Slow performance in data steward application
How to troubleshoot when end users complain that the data steward application is very slow - including taking more than 10 seconds to open a Business View (BV), taking more than 1 minute to check out records in a duplicate management workflow, etc.
Slow BVs / Slow navigating through the data
Step 1: Collect information
- Turn on logging for the data steward application.
- Gather benchmarks metrics to track what is slow. Time however long it takes to perform the task that the customer complains is sluggish.
- For example, pick a BV. Open the golden data view only. See error log for how long that task took and retrieve the SQL that ran.
- Run the SQL in SQL Developer. Does it take the same amount of time to execute as it does in Semarchy?
- Get the an explain plan.
Top culprit for slow performance in a Collection: Sorting
Sort is a highly suspicious component that might be causing bad performance.

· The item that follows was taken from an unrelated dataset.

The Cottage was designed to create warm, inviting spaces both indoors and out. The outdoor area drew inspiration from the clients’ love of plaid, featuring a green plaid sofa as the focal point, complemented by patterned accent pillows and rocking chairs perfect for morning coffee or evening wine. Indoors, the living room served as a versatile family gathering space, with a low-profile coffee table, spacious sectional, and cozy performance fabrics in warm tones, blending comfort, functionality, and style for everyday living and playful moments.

Sorting requires ordering and the order by is a very expensive task that can cause the application to slow down significantly. The use of an index can have an enormous beneficial impact.

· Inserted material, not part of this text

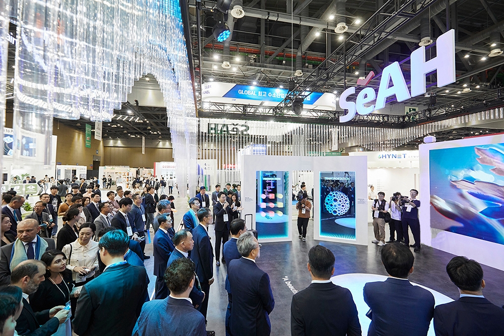 수소와 철이 결합해 회복된 자연의 모습을 ‘맑은 물’로 시각화해 디자인된 부스에는 △㈜세아제강 △㈜세아베스틸 △㈜세아창원특수강 △㈜세아특수강 △㈜세아메탈 △㈜세아항공방산소재 △㈜CTC 등 세아그룹 산하 7개사가 참여해 수소 산업에서의 계열사 간 시너지 효과를 중점적으로 홍보했다.

Oracle example: Look at the "Sort order by stopkey" cost. Does it seem like a higher cost than the other tasks (like joins) in the explain plan?
PostgreSQL and MS SQL Server have different syntax, but the same concept applies.

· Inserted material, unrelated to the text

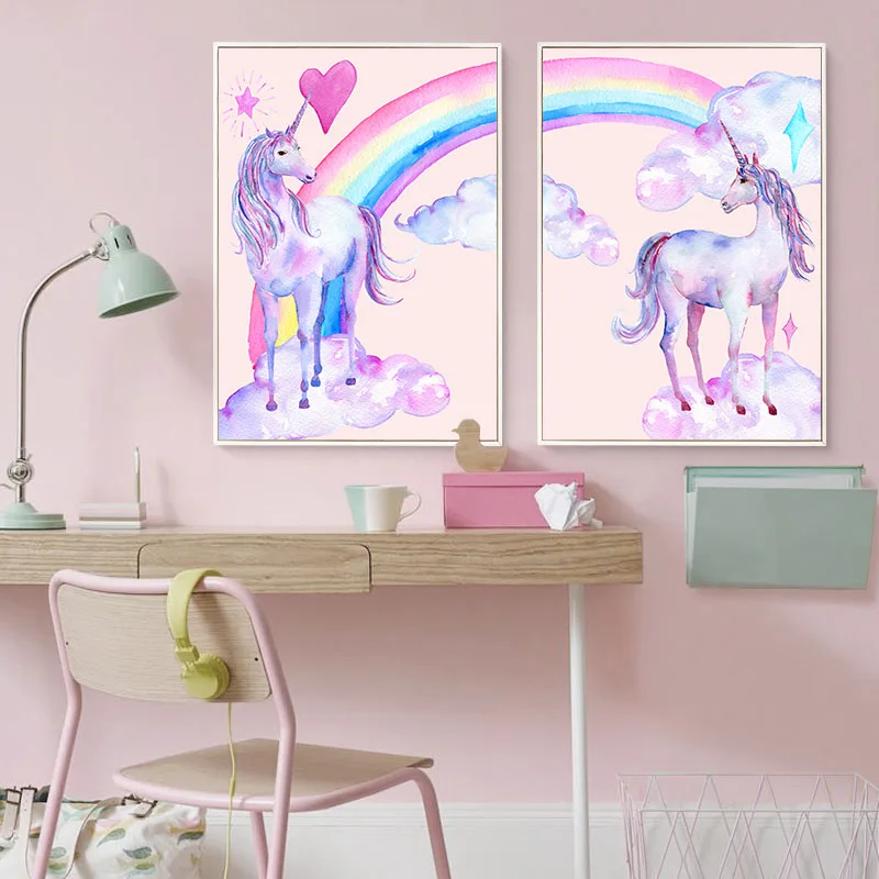 Cute Unicorn Rainbow Canvas Painting Nursery Wall Art ...

To test, remove the order by statement. Execution now takes much less than 10 seconds? You are probably experiencing an issue with sorting.
Top culprit for slow performance in a Form: Embedded Collections
Embedded collections require many queries.
Step 2: Troubleshooting in Semarchy
- Open the BV in the workbench. Under "Collection Configuration", look at Customized Sort. Are there any attributes sorted? If yes, remove all attributes. This should increase speed of application because the BV will now rely on default sorting based on the ID. This will normally be faster because it is indexed.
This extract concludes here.